**Your assignment:** Transcribe all records exactly; omit pictures.

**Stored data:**
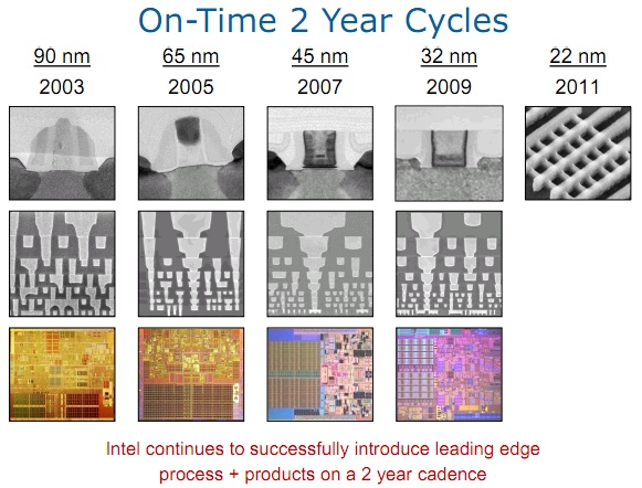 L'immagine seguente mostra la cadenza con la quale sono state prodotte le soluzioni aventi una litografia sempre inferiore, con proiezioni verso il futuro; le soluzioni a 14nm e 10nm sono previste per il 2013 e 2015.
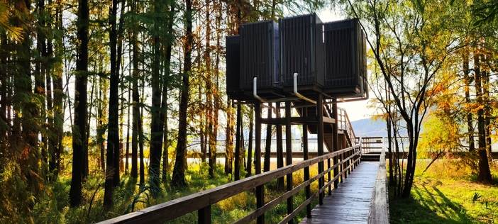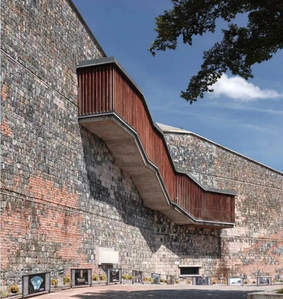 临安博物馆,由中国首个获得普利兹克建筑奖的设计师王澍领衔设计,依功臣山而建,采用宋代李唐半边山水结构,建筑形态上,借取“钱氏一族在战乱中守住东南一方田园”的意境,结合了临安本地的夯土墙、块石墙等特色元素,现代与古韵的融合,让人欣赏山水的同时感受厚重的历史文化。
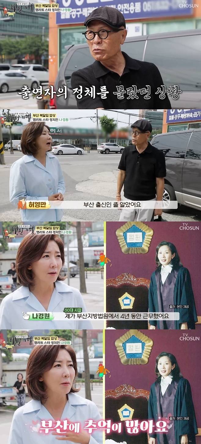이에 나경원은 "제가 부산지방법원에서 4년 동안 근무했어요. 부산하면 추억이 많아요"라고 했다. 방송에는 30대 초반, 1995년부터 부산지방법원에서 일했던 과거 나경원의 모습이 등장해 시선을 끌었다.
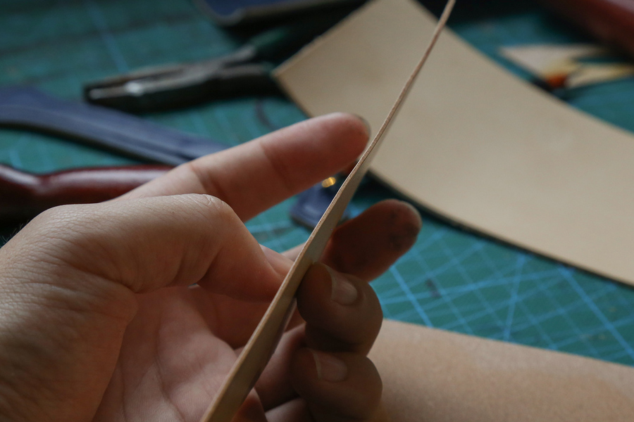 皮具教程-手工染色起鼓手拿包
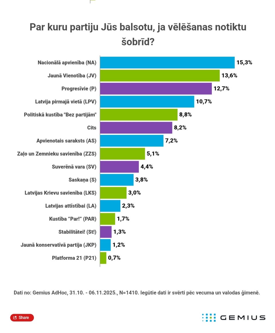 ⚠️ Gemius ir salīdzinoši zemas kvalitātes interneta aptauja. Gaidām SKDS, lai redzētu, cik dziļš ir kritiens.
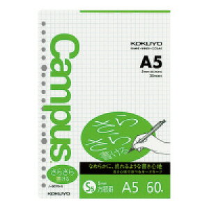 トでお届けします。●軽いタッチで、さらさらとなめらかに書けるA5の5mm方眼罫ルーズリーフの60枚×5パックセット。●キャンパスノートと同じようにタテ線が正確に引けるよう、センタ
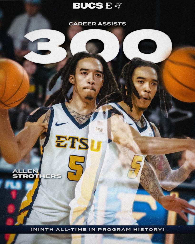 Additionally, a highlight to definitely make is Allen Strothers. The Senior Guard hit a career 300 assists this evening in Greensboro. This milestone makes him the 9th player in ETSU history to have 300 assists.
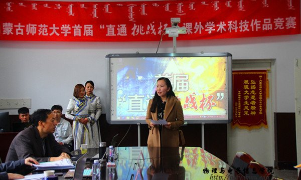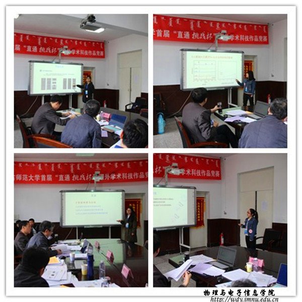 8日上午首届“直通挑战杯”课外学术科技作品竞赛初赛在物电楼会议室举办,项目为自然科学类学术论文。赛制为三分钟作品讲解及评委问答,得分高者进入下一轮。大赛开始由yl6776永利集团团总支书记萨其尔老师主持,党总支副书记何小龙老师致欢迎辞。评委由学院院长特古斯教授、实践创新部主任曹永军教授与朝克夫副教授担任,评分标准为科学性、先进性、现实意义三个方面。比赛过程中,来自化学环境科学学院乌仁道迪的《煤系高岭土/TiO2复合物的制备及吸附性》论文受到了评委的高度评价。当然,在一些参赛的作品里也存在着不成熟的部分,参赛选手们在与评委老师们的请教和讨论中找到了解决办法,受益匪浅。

**Response to this exercise:**
 L'immagine seguente mostra la cadenza con la quale sono state prodotte le soluzioni aventi una litografia sempre inferiore, con proiezioni verso il futuro; le soluzioni a 14nm e 10nm sono previste per il 2013 e 2015.
 临安博物馆,由中国首个获得普利兹克建筑奖的设计师王澍领衔设计,依功臣山而建,采用宋代李唐半边山水结构,建筑形态上,借取“钱氏一族在战乱中守住东南一方田园”的意境,结合了临安本地的夯土墙、块石墙等特色元素,现代与古韵的融合,让人欣赏山水的同时感受厚重的历史文化。
이에 나경원은 "제가 부산지방법원에서 4년 동안 근무했어요. 부산하면 추억이 많아요"라고 했다. 방송에는 30대 초반, 1995년부터 부산지방법원에서 일했던 과거 나경원의 모습이 등장해 시선을 끌었다.
 皮具教程-手工染色起鼓手拿包
 ⚠️ Gemius ir salīdzinoši zemas kvalitātes interneta aptauja. Gaidām SKDS, lai redzētu, cik dziļš ir kritiens.
 トでお届けします。●軽いタッチで、さらさらとなめらかに書けるA5の5mm方眼罫ルーズリーフの60枚×5パックセット。●キャンパスノートと同じようにタテ線が正確に引けるよう、センタ
 Additionally, a highlight to definitely make is Allen Strothers. The Senior Guard hit a career 300 assists this evening in Greensboro. This milestone makes him the 9th player in ETSU history to have 300 assists.
 8日上午首届“直通挑战杯”课外学术科技作品竞赛初赛在物电楼会议室举办,项目为自然科学类学术论文。赛制为三分钟作品讲解及评委问答,得分高者进入下一轮。大赛开始由yl6776永利集团团总支书记萨其尔老师主持,党总支副书记何小龙老师致欢迎辞。评委由学院院长特古斯教授、实践创新部主任曹永军教授与朝克夫副教授担任,评分标准为科学性、先进性、现实意义三个方面。比赛过程中,来自化学环境科学学院乌仁道迪的《煤系高岭土/TiO2复合物的制备及吸附性》论文受到了评委的高度评价。当然,在一些参赛的作品里也存在着不成熟的部分,参赛选手们在与评委老师们的请教和讨论中找到了解决办法,受益匪浅。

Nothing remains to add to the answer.